The river passed through the central region of what was the supercontinent of Pangea, which was formed by all earth land.

The jaw of the pterosaurus is just one part of a collection of fossils found in the same place, including bones, teeth, fish flakes and even fossilized PUs (also known as Copralitis).

Dr. Cligman said: “Our ability to recognize pterosaver bones in (these ancient) river deposits suggests that there may be other similar terms of triaki rocks around the world, which can also preserve pterosaur bones.”

Ben Cligman The image shows a large, pink rock formation with a group of scientists working on the rock. The site is in Arizona, where rock formations, which are more than 200 million years old, have retained and dug the remains of animals.

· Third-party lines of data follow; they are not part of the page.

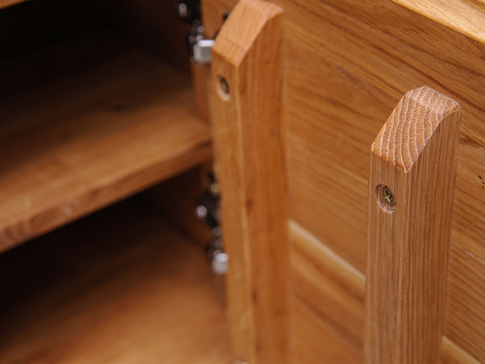 - Estetyczne wykonanie: Drewno dębowe nadaje meblowi eleganckiego wyglądu, a naturalne usłojenie i sęki czynią każdy egzemplarz wyjątkowym.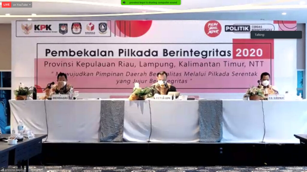 IDNPRO.CO, Batam – Ketua Komisi Pemberantasan Korupsi (KPK) Firli Bahuri menyatakan pengusutan laporan dugaan tindak pidana korupsi kepala daerah tetap berlangsung meski sejumlah daerah sedang melaksanakan proses Pemilihan Kepala Daerah (Pilkada). Afirmasi ini disampaikan dalam Pembekalan Calon Kepala Daerah (Cakada) Provinsi Kepulauan Riau, Lampung, Kalimantan Timur (Kaltim), dan Nusa Tenggara Timur (NTT), bertempat di Ruang Rapat Hotel Radisson Golf and Convention Center Kota Batam, Selasa, 10 November 2020. Peserta di Lampung, Kaltim, dan NTT, mengikuti pembekalan secara daring.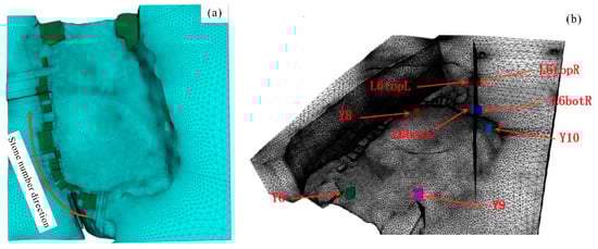 The parameters of rock mechanics required for the numerical simulation were obtained after the aforementioned evolutionary law and geomechanical qualitative analysis (Table 3). The boundary conditions of the rock body of the roof slab of Yuanjue Cave are very clear, and this chapter analyzes them from the perspective of 3D modeling and numerical simulation for a precise quantitative perspective [46]. Combined with the aforementioned stratigraphic distribution characteristics and physical and mechanical parameters of the rock body [47,48], the final stability study was conducted by finite difference software for the effect of overhanging, crushing, and damage of the roof slab on the overall top slab of Yuanjue Cave, respectively. In the aforementioned study, it is given that the top plate of the Yuanjue Cave has formed a relatively independent block structure in the form of a “triangular thick plate” (Figure 3), in which the J10 fissure forms a natural cutting boundary on the east side, so the model boundary on the east side can be extended 5 m eastward as the boundary of the J10 fissure. The rock body of the top slab on the west side forms a fracture boundary along the L6 fissure, but this boundary intersects the axis of the cave chamber horizontally at a large angle to accommodate the space of the cave chamber, so the west side extends westward to the end of the cliff wall of the L6 fissure with the west boundary of the cave chamber. The northern boundary is the hollow surface of the cliff wall, and the entrance of the cave canal can be used as the boundary; the southern side is bounded by the convergence angle of the roof slab. The rock supporting the top slab is the image formation, which is relatively stable and intact, so it can be extended below the top slab to the bottom part of Yuanjue Cave, and the three-dimensional model is shown in Figure 9. The model of the top slab of the Yuanjue Cave was established with 109,524 units and 19,856 nodes.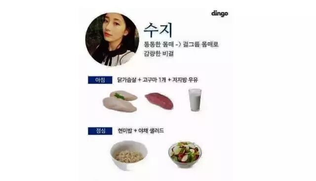朴宝蓝的食谱则健康许多了,是最值得借鉴的。崇尚健康减肥的她食谱也是营养满满,配合运动才能更快瘦身哦。

Ben Cligman

The ancient bone bed is in the national park in the fossilized forests, Arizona

Studying the teeth of the pterosaurus also provided clues for what would eat the wing in the spindle size reptiles.

“They have an unusually high degree of wear on their advice,” explained Dr. Cligman. Assuming that this pterosaur feeds on something with hard parts of the body. ”

The most common prey, he told the BBC News, are primitive fish that would be covered with bony armor.

Scientists say the site of the discovery has retained a “momentary photo” of an ecosystem, where groups of animals that have now disappeared, including giant amphibians and ancient armored relatives from crocodile living along with animals that we could recognize today, including frogs and turtles.

This fossil bed, said Dr. Cligman, has retained evidence of an evolutionary “transition” 200 million years ago.

“We see groups that flourish later, living along with older animals that (not) pursue it along the Triassic.

“The fossil beds like these allow us to find that all these animals actually live together.”